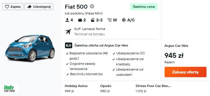 Od razu po wylądowaniu w Kalabrii wypożycz samochód, który pozwoli dotrzeć do wspomnianych powyżej miejsc oraz zachować swobodę zwiedzania. W tym miejscu znajdziesz propozycje wynajmu w Lamezii oraz Reggio.
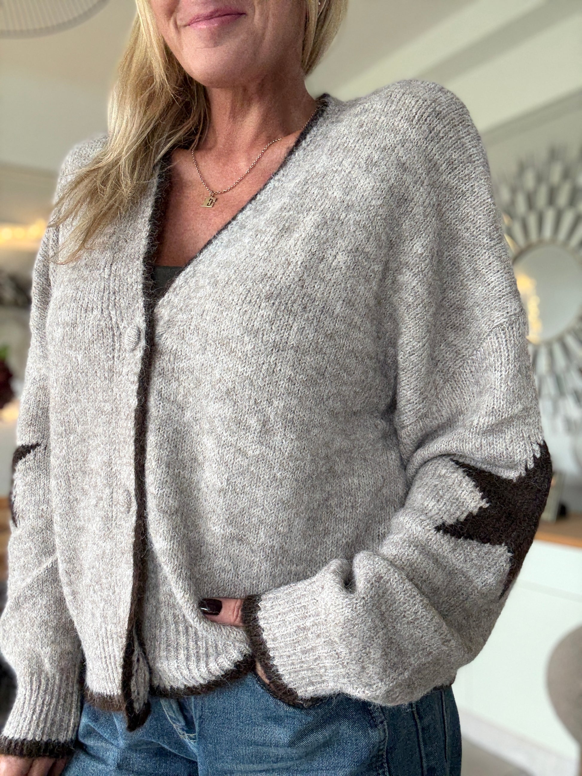 )Soft and cosy star knit cardigan, featuring bold star motifs on the back and elbows for a playful touch. With its relaxed fit and ultra-soft blend (including recycled fibres), it’s perfect for effortless everyday wear. Pair it with jeans or pleather trousers for an easy chic look that stands out.
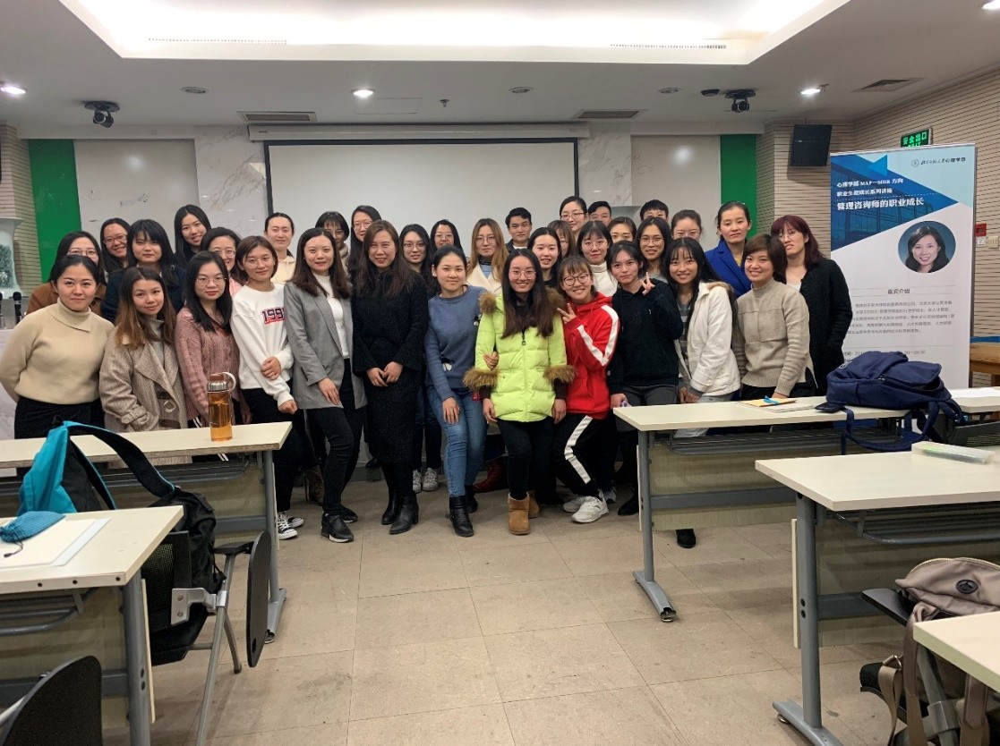 最后,主讲嘉宾为同学们仔细的分析了咨询行业的职业路径和各个职业阶段的主要工作职责、阶段发展时间,并且为同学们分享了咨询顾问的出路,生活方式以及同学们感兴趣的咨询行业术语。 图3北师大98色花堂 MAP-MHR方向职业生涯成长系列讲座合影
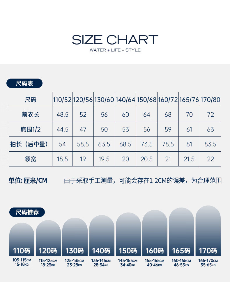 China (cm) 160-165/84-86 165-170 / 88-90 167-172 / 92-96 168-173 / 98-102 170-176 / 106-110
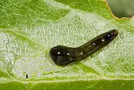 Личинка пилильщика Caliroa cerasi, который Линней в 1758 году назвал Tenthredo cerasi.
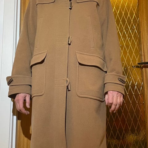 Vintage Hettemarks duffelcoat i ull og kashmir. Størrelse 38, men romslig fasong. Fine detaljer. Kåpen har glidelås i tillegg til knapper.
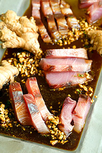 Paralelamente, en el aceite muy caliente freír el jengibre hasta lograr rigidez. Estilar y servir la cantidad precisa sobre el turbot y la salsa a su alrededor. Acompañar a gusto.
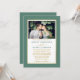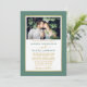 Moderno y elegante foto Minimalista Eucalyptus Invitación a la Boda Verde y Blanca. Marco dorado. Guión dorado.
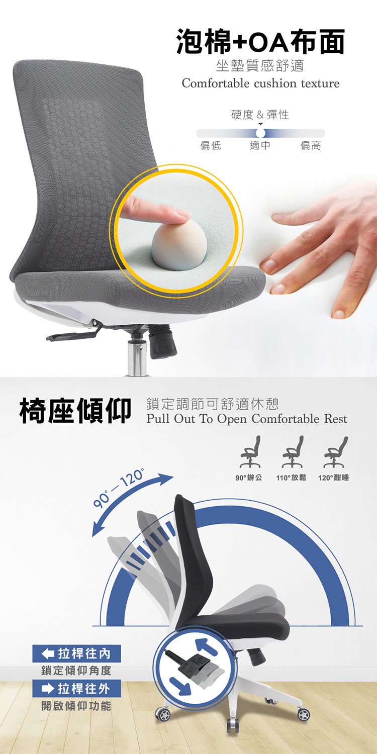 台灣與歐美同步販售、美規設計,透氣度高之網布椅背,涼爽乘坐,獨特蜂巢椅背採塑膠射出支撐佳,包覆OA布之成型泡棉、坐感適中,
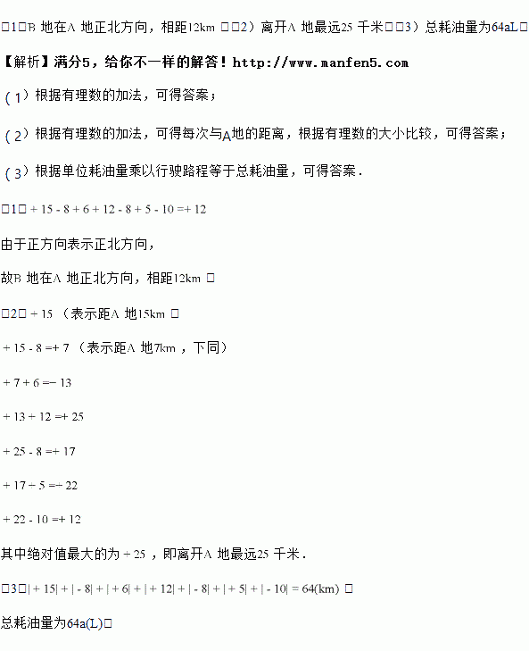 地,行驶记录如下(规定向北为正方向,单位:千米):![]()
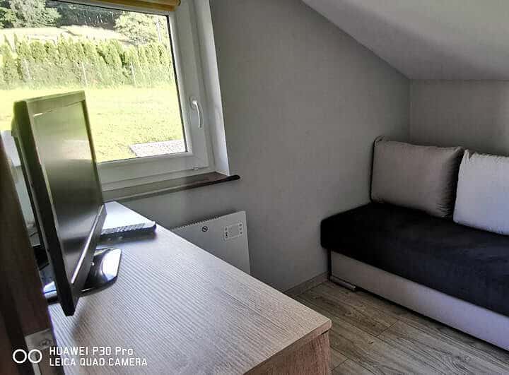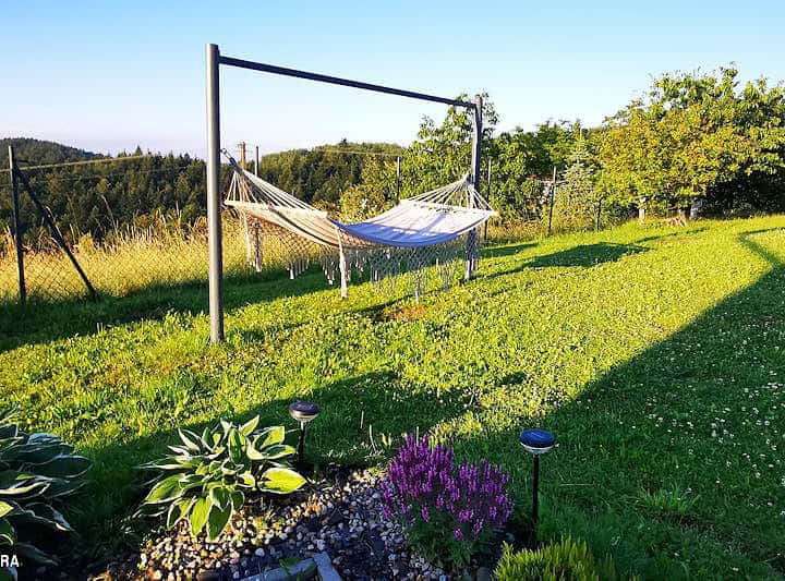 Na zewnątrz do dyspozycji oddajemy przytulny taras z cudnym widokiem, hamak, grill, miejsce na ognisko oraz mini boisko do piłki nożnej z dwoma bramkami.

──────────────────────────────

### Problem details
From the records above, copy only the lines running from the line holding "that stands out." through the line holding "台灣與歐美同步販售、美規設計", with no pictures.

### Answer section
 )Soft and cosy star knit cardigan, featuring bold star motifs on the back and elbows for a playful touch. With its relaxed fit and ultra-soft blend (including recycled fibres), it’s perfect for effortless everyday wear. Pair it with jeans or pleather trousers for an easy chic look that stands out.
 最后,主讲嘉宾为同学们仔细的分析了咨询行业的职业路径和各个职业阶段的主要工作职责、阶段发展时间,并且为同学们分享了咨询顾问的出路,生活方式以及同学们感兴趣的咨询行业术语。 图3北师大98色花堂 MAP-MHR方向职业生涯成长系列讲座合影
 China (cm) 160-165/84-86 165-170 / 88-90 167-172 / 92-96 168-173 / 98-102 170-176 / 106-110
 Личинка пилильщика Caliroa cerasi, который Линней в 1758 году назвал Tenthredo cerasi.
 Vintage Hettemarks duffelcoat i ull og kashmir. Størrelse 38, men romslig fasong. Fine detaljer. Kåpen har glidelås i tillegg til knapper.
 Paralelamente, en el aceite muy caliente freír el jengibre hasta lograr rigidez. Estilar y servir la cantidad precisa sobre el turbot y la salsa a su alrededor. Acompañar a gusto.
 Moderno y elegante foto Minimalista Eucalyptus Invitación a la Boda Verde y Blanca. Marco dorado. Guión dorado.
 台灣與歐美同步販售、美規設計,透氣度高之網布椅背,涼爽乘坐,獨特蜂巢椅背採塑膠射出支撐佳,包覆OA布之成型泡棉、坐感適中,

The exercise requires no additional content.